Work to be completed:
Images are not part of the copy; transcribe all the data exactly.

+++ Exercise materials +++

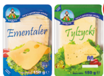
SER ŻÓŁTY PLASTY 150 G ASORTYMENT OSM ŁOWICZ (CENA ZA 1 KG - 23,67 ZŁ)
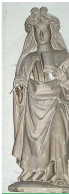
Sainte Marthe, bois peint 2 ème moitié du XV ème classée.
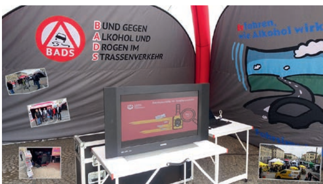
Der BADS beim Aktionstag auf dem Odeonsplatz in München
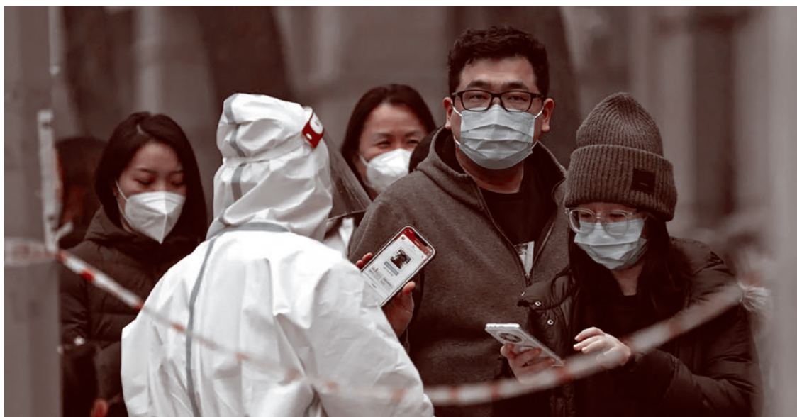
Медицинский работник проводит проверку граждан. Китай
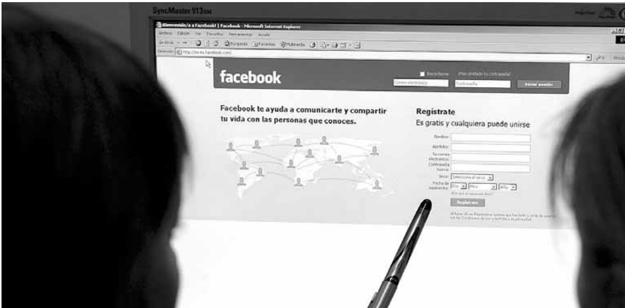
Dos jóvenes sentadas frente a la pantalla de un ordenador se disponen a crear un perfil de usuario en la red social Facebook.
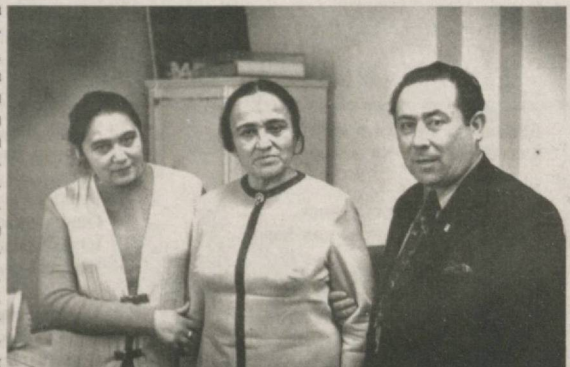
Суратда: Зулфия шоирлар Гулчехра Жўраева ва Сайёр билан.

Зулфия опа вақт, яъни умр олдидаги масъулиятни ҳамиша улғайган қалб билан ҳис этганини кўзатамиз. У "Ҳаёт китобини бехос варақлаб..." деб бошланувчи машҳур шеърини олтимиш ёшлар остонасида ёзганди. Ундан кейин кечган қарийб чорак асрлик умри ҳам шу сатрлар мағзидаги эътирофга ҳамоҳанг.

+++

Expected answer:
SER ŻÓŁTY PLASTY 150 G ASORTYMENT OSM ŁOWICZ (CENA ZA 1 KG - 23,67 ZŁ)
Sainte Marthe, bois peint 2 ème moitié du XV ème classée.
Der BADS beim Aktionstag auf dem Odeonsplatz in München
Медицинский работник проводит проверку граждан. Китай
Dos jóvenes sentadas frente a la pantalla de un ordenador se disponen a crear un perfil de usuario en la red social Facebook.
Суратда: Зулфия шоирлар Гулчехра Жўраева ва Сайёр билан.

Зулфия опа вақт, яъни умр олдидаги масъулиятни ҳамиша улғайган қалб билан ҳис этганини кўзатамиз. У "Ҳаёт китобини бехос варақлаб..." деб бошланувчи машҳур шеърини олтимиш ёшлар остонасида ёзганди. Ундан кейин кечган қарийб чорак асрлик умри ҳам шу сатрлар мағзидаги эътирофга ҳамоҳанг.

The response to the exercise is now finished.